Abstracts

The NLRP3 Inflammasome has been implicated in the pathogenesis of febrile-infection related epilepsy syndrome (FIRES). A functional deficiency in endogenous IL-1 receptor antagonist (IL-1Ra) activity found in patients in FIRES may lead to an unopposed pathological inflammatory state driven by over-active IL-1β, a master cytokine of innate immunity and local and systemic inflammation. Given the compromised IL-1Ra function in FIRES patients, we chose to utilize IL-1Ra deficient mice to model FIRES. We exposed IL-1Ra deficient mice to experimentally induced fever at postnatal day (P) 25, followed by intrahippocampal kainic acid (IHKA)-injection at P30 or P40 to induce status epilepticus (SE) and monitored them for spontaneous recurrent seizures over 3 weeks.

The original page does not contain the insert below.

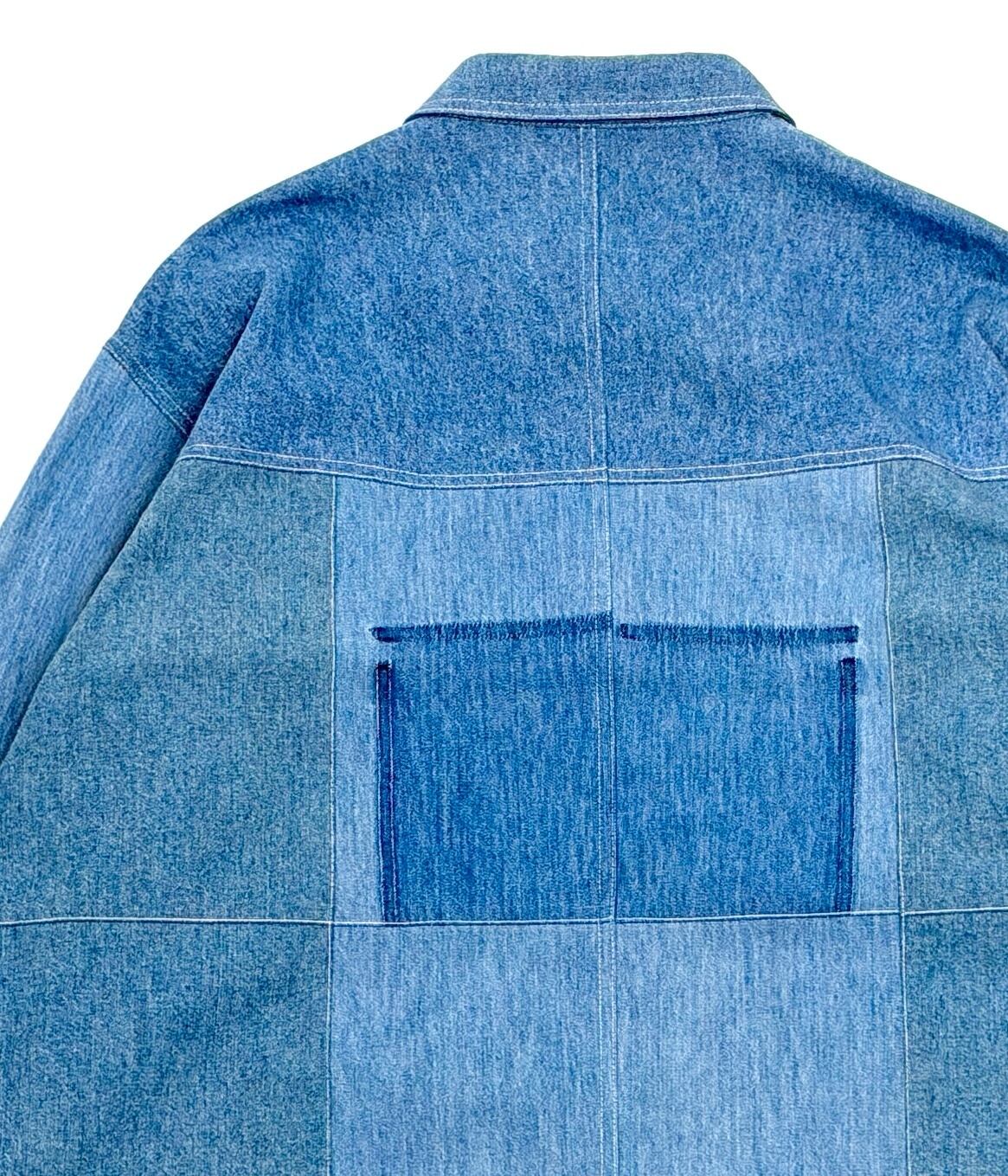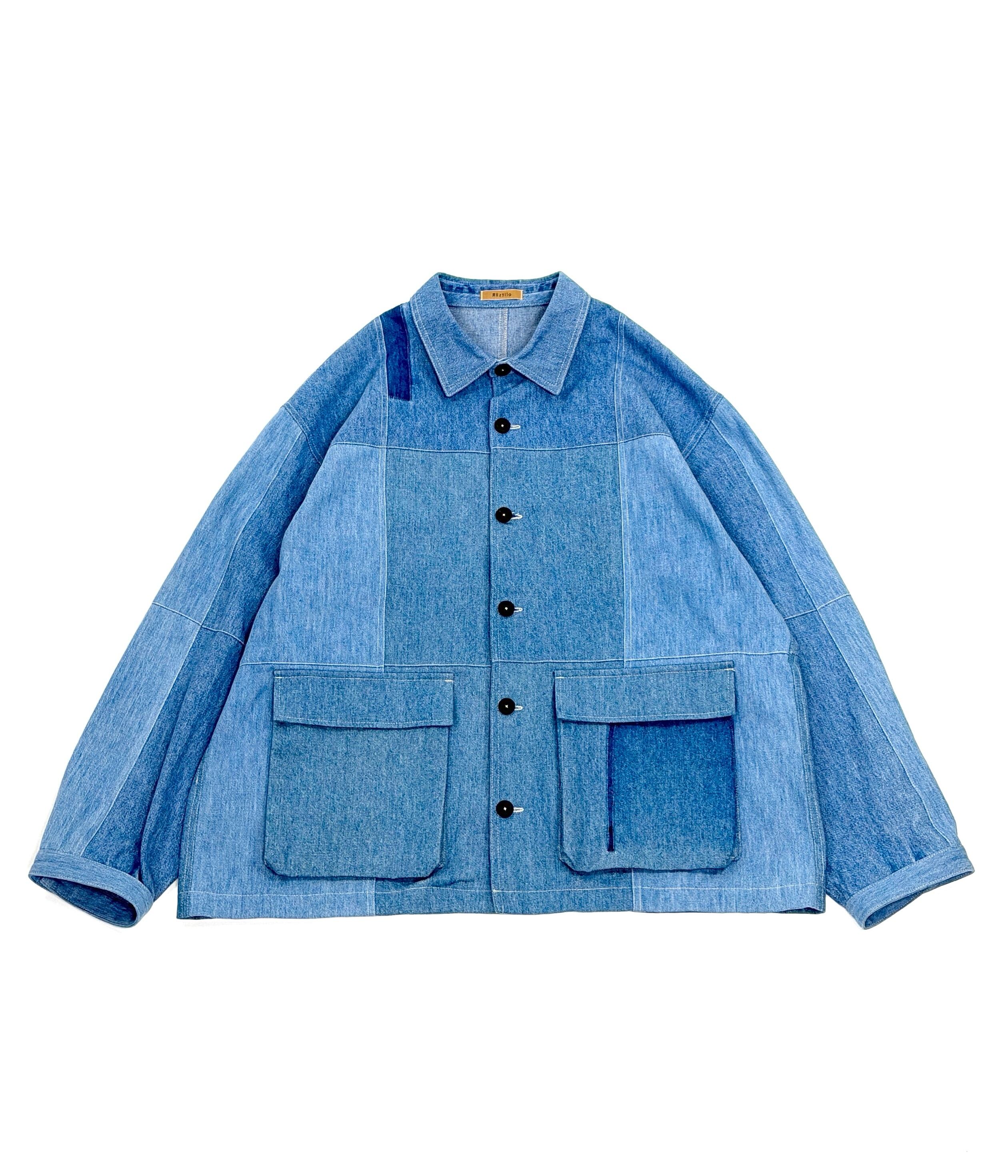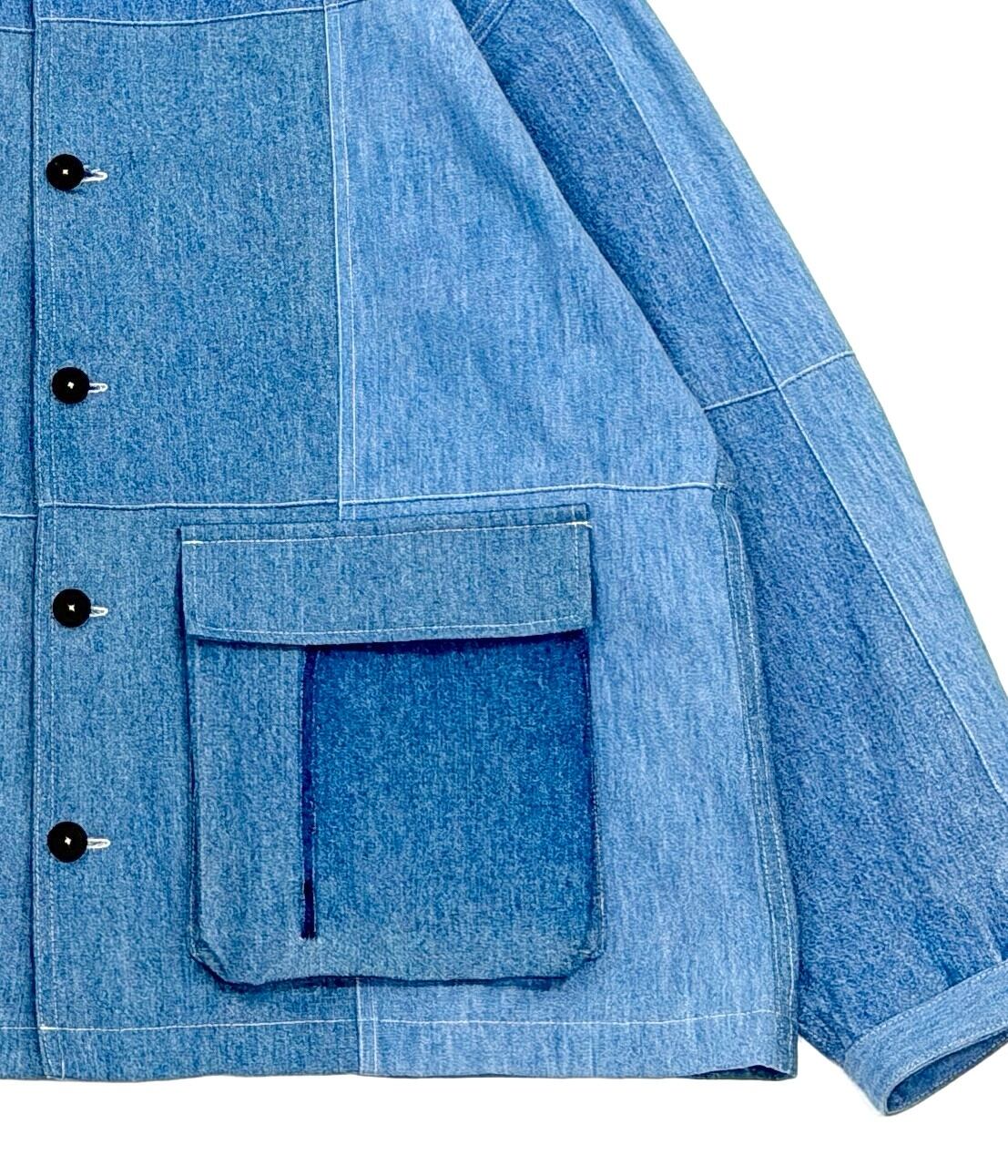 古着の生地を使用し、新たにパターンを引いて仕立てられた一着。

Breeding pairs of IL-1Ra (+/-) mice were purchased from Jackson Laboratory. To mimic febrile illness history of FIRES patients, we exposed three groups of P25 mice, wild type (WT n=16), heterozygous (HET n=15), and knock-out (KO n=16), to experimental fever (lipopolysaccharide (LPS) + hyperthermia).  Mice were injected with LPS (100 ug/kg i.p.) 2 h before exposure to a heat lamp to raise the core temperature to 41°C for 30 minutes. Mice were injected with IHKA (150 nl x 1 mg/ml) stereotactically either at P30 (P25-P30 group; WT 7, HET 6, KO 8) or at P40 (P25-P40 group; WT 9, HET 9, KO 8). Electroencephalographic (EEG) (Pinnacle) was implanted at P40 and 48-h EEG was obtained at two and three weeks post-IHKA-SE.  Electrographic seizures were defined as rhythmic EEG activity lasting 10 s or longer that exceeds the baseline amplitude by at least threefold. Kruskal-Wallis and Mann-Whitney tests (Prism v. 5.0, GraphPad) were used for statistical analysis, and significance was defined as p< 0.05.